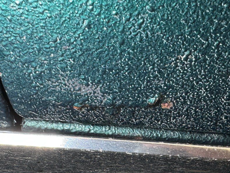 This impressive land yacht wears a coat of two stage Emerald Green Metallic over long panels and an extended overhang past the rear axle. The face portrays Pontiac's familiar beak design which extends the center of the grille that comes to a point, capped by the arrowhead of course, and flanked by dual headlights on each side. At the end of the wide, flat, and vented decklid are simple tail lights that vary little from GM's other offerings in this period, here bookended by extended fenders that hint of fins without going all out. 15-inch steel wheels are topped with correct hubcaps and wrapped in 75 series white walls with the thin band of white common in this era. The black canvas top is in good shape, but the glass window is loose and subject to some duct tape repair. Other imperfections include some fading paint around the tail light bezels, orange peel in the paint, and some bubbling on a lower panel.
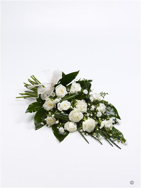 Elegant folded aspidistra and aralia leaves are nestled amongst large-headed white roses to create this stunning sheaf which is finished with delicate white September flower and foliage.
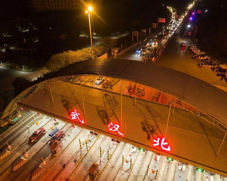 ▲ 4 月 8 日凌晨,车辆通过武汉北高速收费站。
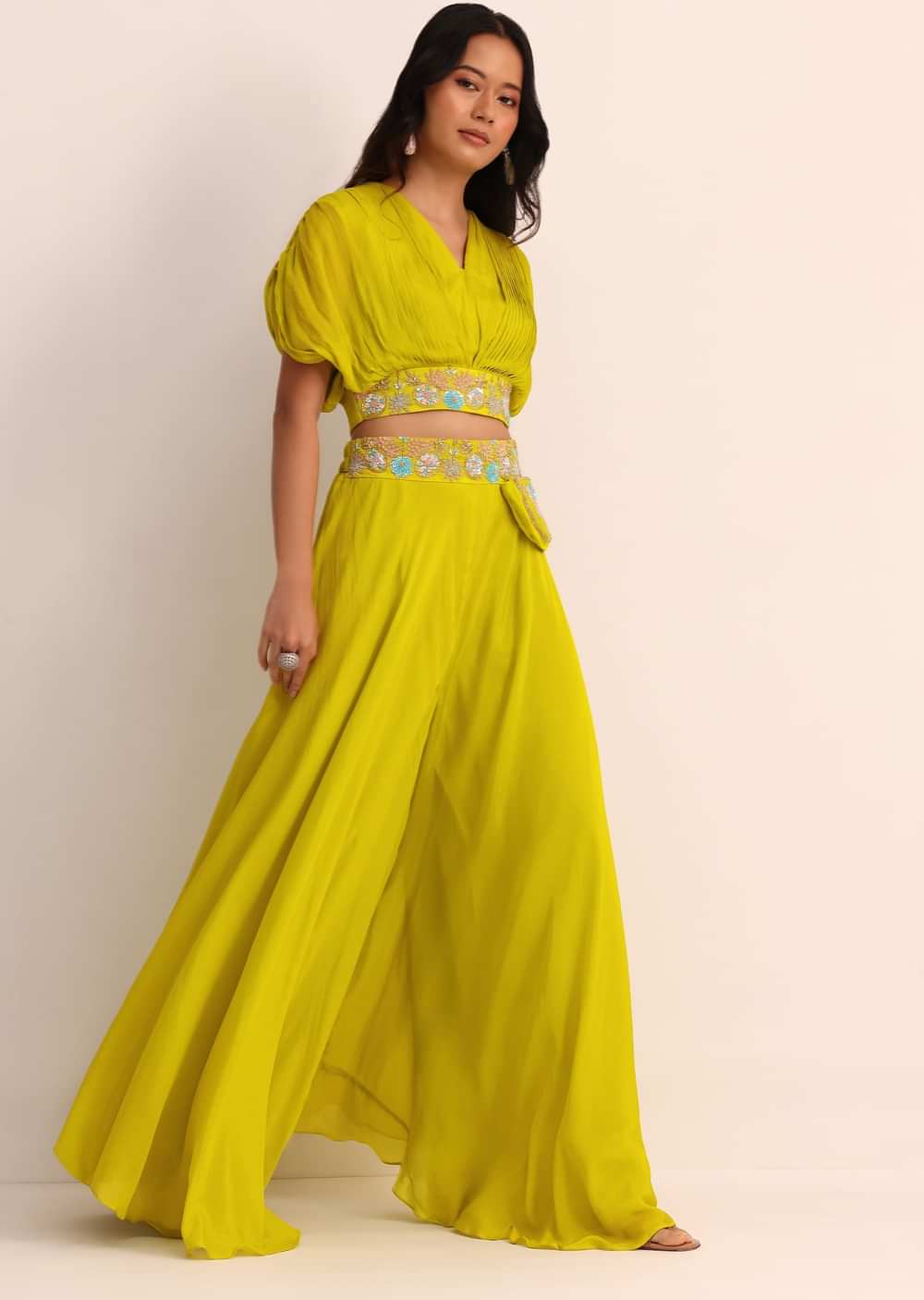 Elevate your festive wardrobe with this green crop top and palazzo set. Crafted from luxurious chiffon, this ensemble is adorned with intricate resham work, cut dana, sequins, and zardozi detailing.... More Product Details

» HOW TO COMPLETE THIS TASK: The lines to copy run from the one with "月 8 日凌晨,车辆通过武汉北高速收费站。" through the end of the material. Write them out exactly, leaving out the pictures.

» RESPONSE FOR THIS EXERCISE:
 ▲ 4 月 8 日凌晨,车辆通过武汉北高速收费站。
 Elevate your festive wardrobe with this green crop top and palazzo set. Crafted from luxurious chiffon, this ensemble is adorned with intricate resham work, cut dana, sequins, and zardozi detailing.... More Product Details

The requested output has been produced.